User agents MUST provide a mechanism of determining the relative priority of two hash functions and return the empty string if the priority is equal. That is, if a user agent implemented a function like getPrioritizedHashFunction(a, b) it would return the hash function the user agent considers the most collision-resistant. For example, getPrioritizedHashFunction('SHA-256', 'SHA-512') would return SHA-512 and getPrioritizedHashFunction('SHA-256', 'SHA-256') would return the empty string.

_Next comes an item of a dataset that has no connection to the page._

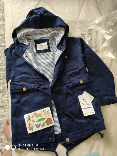 The jacket came on time, size 3 T for height 98 cm just right. For late spring-summer. Fabric, As stated, cotton. Recommend.

3.3 Resource verification algorithms

3.3.1 Apply algorithm to resource

  1. Let result be the result of applying algorithm to the representation data without any content-codings applied, except when the user agent intends to consumes the content with content-encodings applied (e.g., saving a gzip’d file to disk). In the latter case, let result be the result of applying algorithm to the representation data.
  2. Let encodedResult be result of base64-encoding result.
  3. Return encodedResult.

3.3.2 Is resource eligible for integrity validation

In order to mitigate an attacker’s ability to read data cross-origin by brute-forcing values via integrity checks, resources are only eligible for such checks if they are same-origin, publicly cachable, or are the result of explicit access granted to the loading origin via CORS. [CORS]

Note

As noted in RFC6454, section 4, some user agents use globally unique identifiers for each file URI. This means that resources accessed over a file scheme URL are unlikely to be eligible for integrity checks.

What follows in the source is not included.